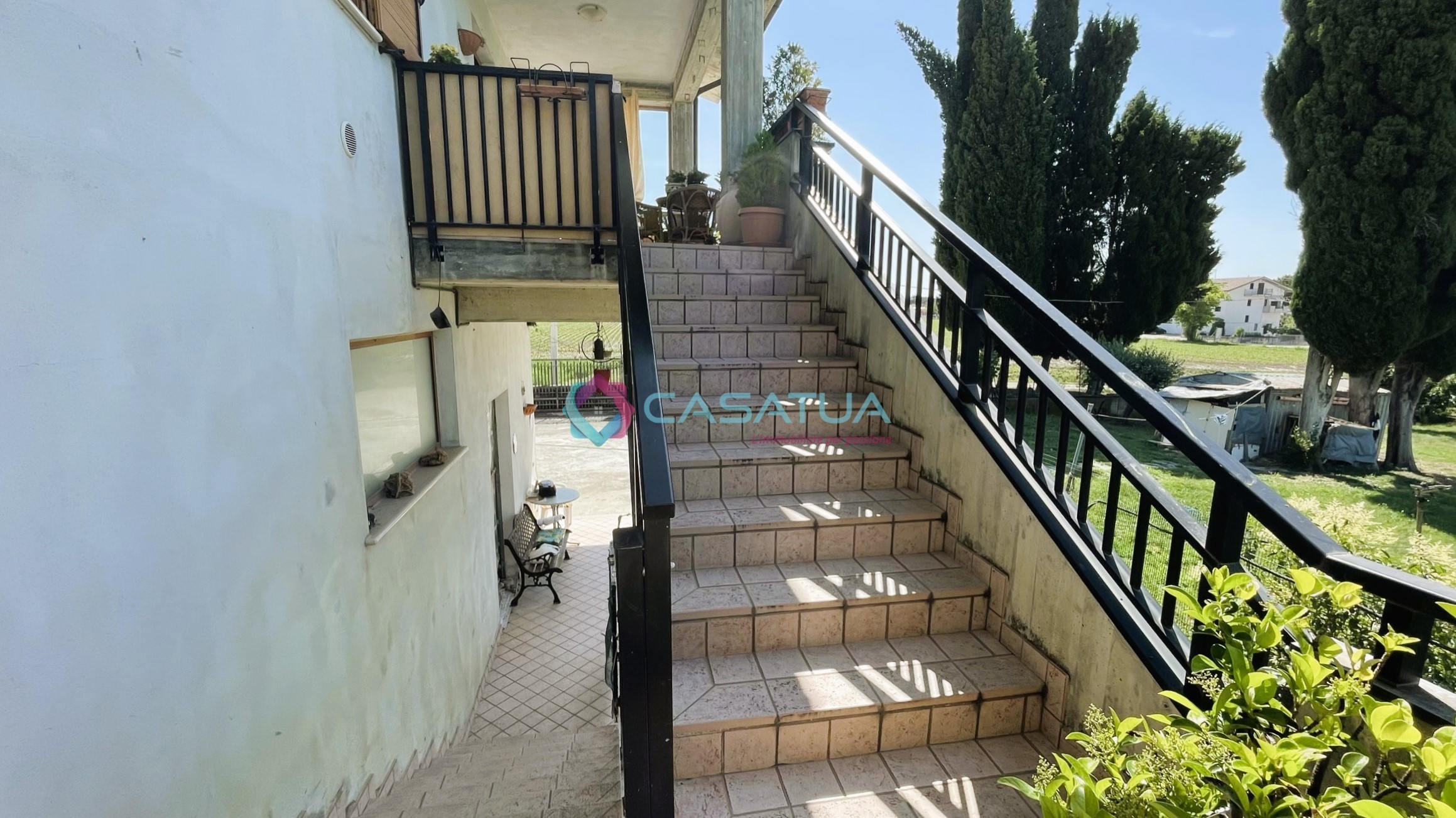 Salendo al primo piano, tramite una scala esterna, troviamo una gradevole entrata, coperta da portico che conduce a un ingresso ampio e luminoso.
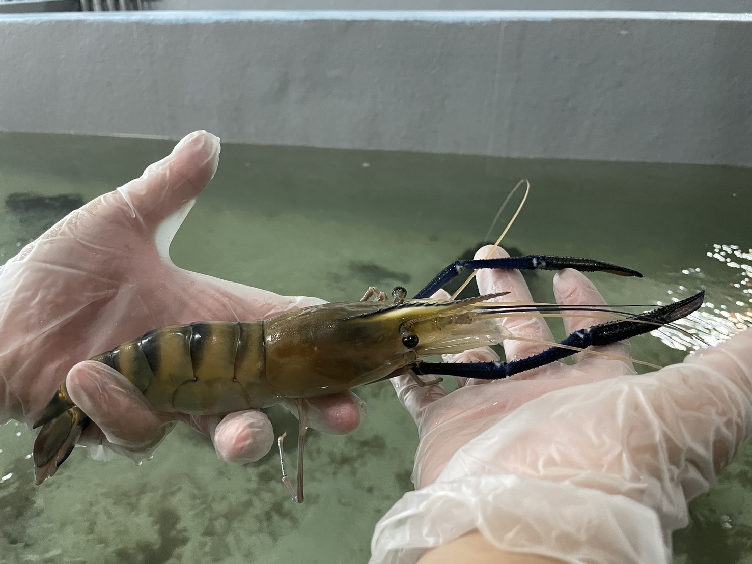 種原庫一樓的「蝦類種原區」專責保存臺灣重要的養殖蝦種種原。(上)白蝦(下)泰國蝦。(圖片來源:農業部提供)
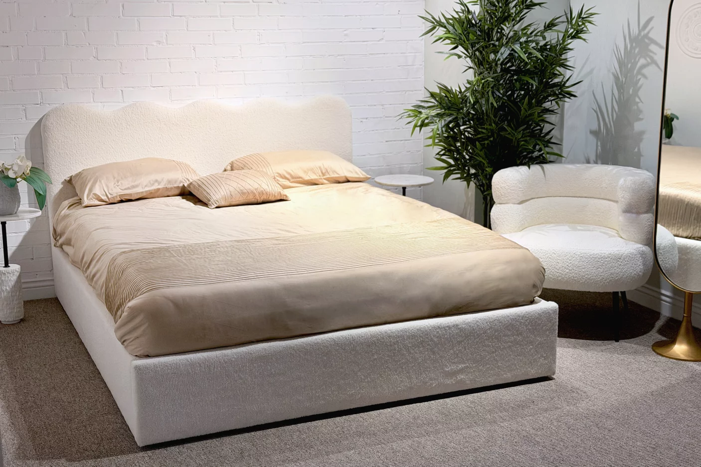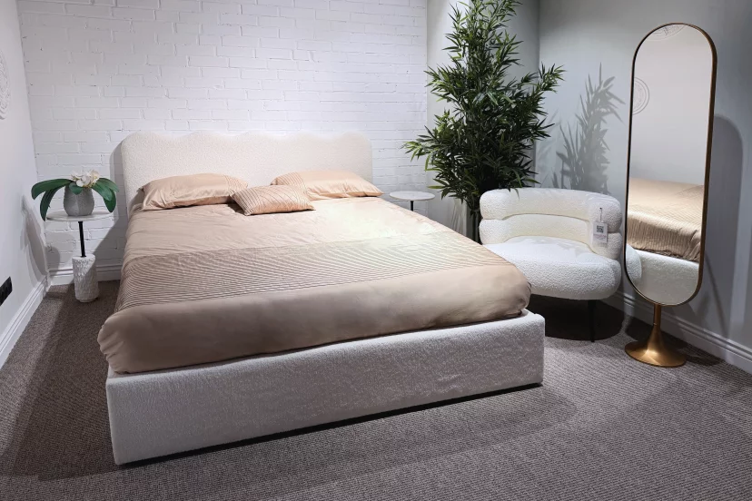 Відкрийте для себе новий рівень комфорту та стилю з ліжком Haven, яке створить унікальну атмосферу у вашій спальні. Ніжна хвиля на його узголів'ї та м'яка тканина тедді світло-бежевого відтінку створюють затишну атмосферу, що сприяє відпочинку.

- TASK TO COMPLETE -
Could you restate the material word for word, omitting the pictures?

- RESPONSE TO THIS TASK -
 Salendo al primo piano, tramite una scala esterna, troviamo una gradevole entrata, coperta da portico che conduce a un ingresso ampio e luminoso.
 種原庫一樓的「蝦類種原區」專責保存臺灣重要的養殖蝦種種原。(上)白蝦(下)泰國蝦。(圖片來源:農業部提供)
 Відкрийте для себе новий рівень комфорту та стилю з ліжком Haven, яке створить унікальну атмосферу у вашій спальні. Ніжна хвиля на його узголів'ї та м'яка тканина тедді світло-бежевого відтінку створюють затишну атмосферу, що сприяє відпочинку.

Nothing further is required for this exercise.